Jackie looked over at me, a person she often accused of torturing vowels to telegraph my Long Island roots.

“Hard to judge a person by the way they talk,” I said, making sure the accent showed through.

“Right,” said Chaplin. “Anyway Herschel lived in Queens and commuted into the city and trained with the guard until he shipped out to Iraq, and it sounds like you know what happened after that.”

“We think we do, but why don’t you tell it,” said Jackie.

So he did, with little deviation from Cardozo’s version, without the military nomenclature. The effort made Chaplin noticeably sadder, something describing Bergeron’s ultimate heroism did little to allay.

“I’m sorry,” said Jackie.

“Don’t get me started on that idiot war,” said Chaplin.

“I think we already did,” said Jackie. “So I’m doubly sorry.”

He grinned a sad little grin.

“Do you know if he knew an RISD transfer named Oksana Quan? Good-looking platinum blonde?” I asked, giving him the year she would have been on campus.

The sad face abruptly turned angry, and suspicious.

“What does that have to do with a homicide investigation?” he asked.

“As we said, background,” said Jackie. “Mr. Bergeron served in Iraq with the victim.”

“Herschel was a devoted family man. Loved his wife, loved his kids. A real square, as we once said. It wasn’t his fault the girl developed a crush. Nothing ever came of it, that I assure you.”

“Though you knew her,” I said.

“She’d visit him here at the office, and I’d see them around campus,” said Chaplin. “I know it sounds bad, but you didn’t know him as I did. He was eager to mentor, and the students loved him.

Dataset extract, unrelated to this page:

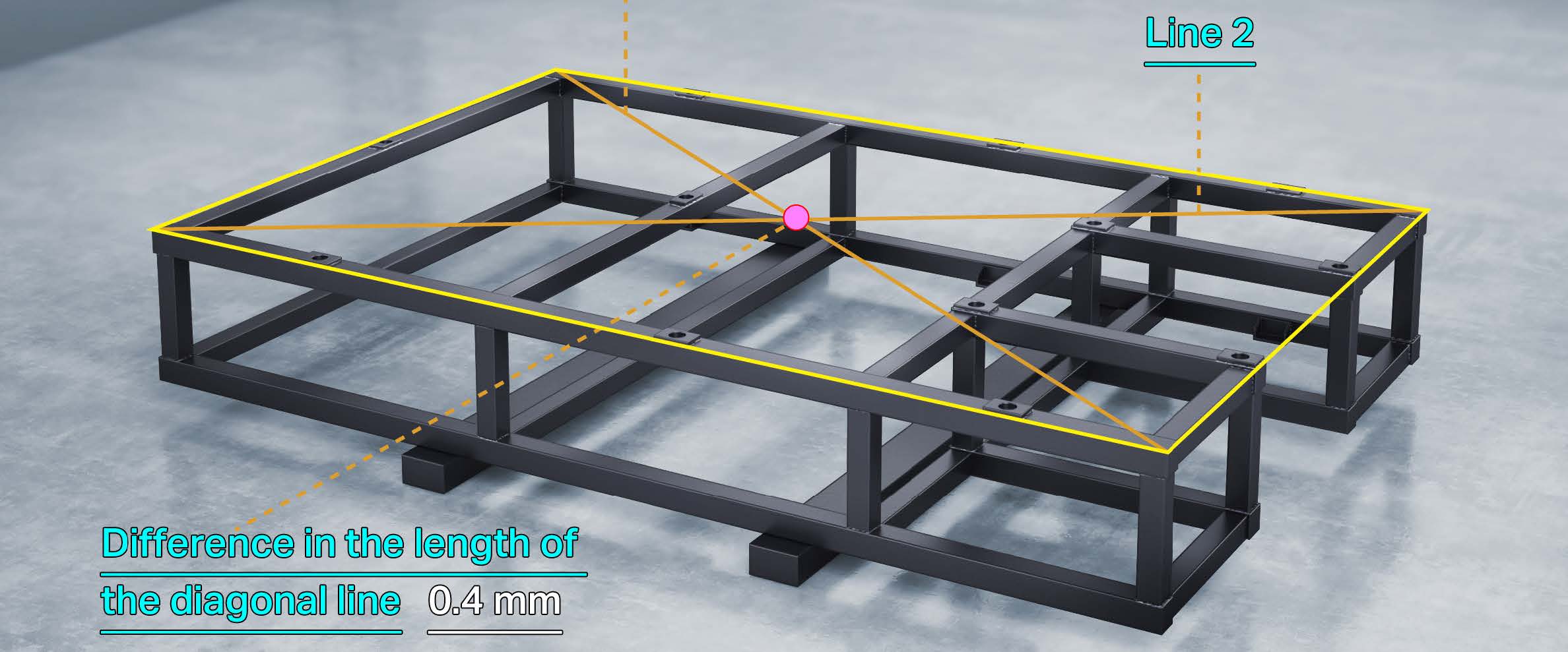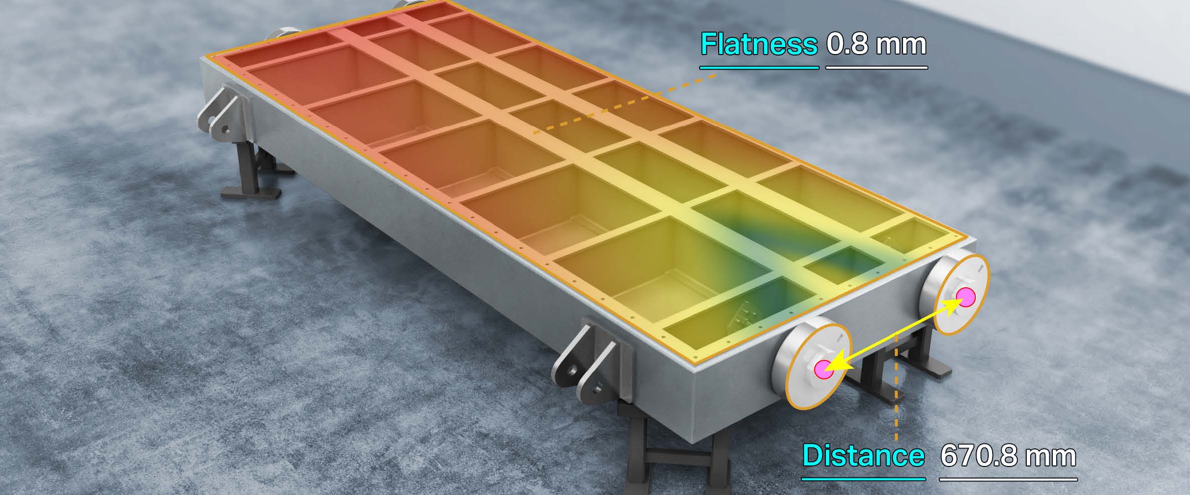 광범위 3차원 측정기 WM 시리즈는 제관 용접으로 제작된 장치 가대의 측정에도 활용할 수 있으며, 평탄도는 물론 대각선 거리까지 측정할 수 있습니다.

Not in that way,” he added, frustrated with fumbling the defense of his dead assistant.

“We believe you,” said Jackie.

She must have meant herself and somebody else in the room, because I sure as hell didn’t.

“Everyone thought they were doing it,” I said.

That pained him further, but he nodded his head.

“Is that why he left for NYU?” Jackie asked.

He nodded again.

“His wife wanted to move back to Long Island, but not just to be close to family,” he said quietly into his desk. Then he looked up. “It’s hard to exaggerate Oksana’s beauty. I don’t know why she didn’t go into modeling. Maybe she did. I don’t know.”

“So you don’t know what happened to her,” I said.

“I don’t. Never tried to find out. Herschel never mentioned her after he left. We eventually stopped writing each other, and then he was dead. The whole thing was so awful I suppose I just wanted to forget about it. That’s all I can tell you, which is a lot more than I probably should have.”

Jackie assured him his candor was welcomed and well within the limits of propriety, and he would never have to revisit the subject again. That seemed to relieve him and he was gracious when he showed us out the door.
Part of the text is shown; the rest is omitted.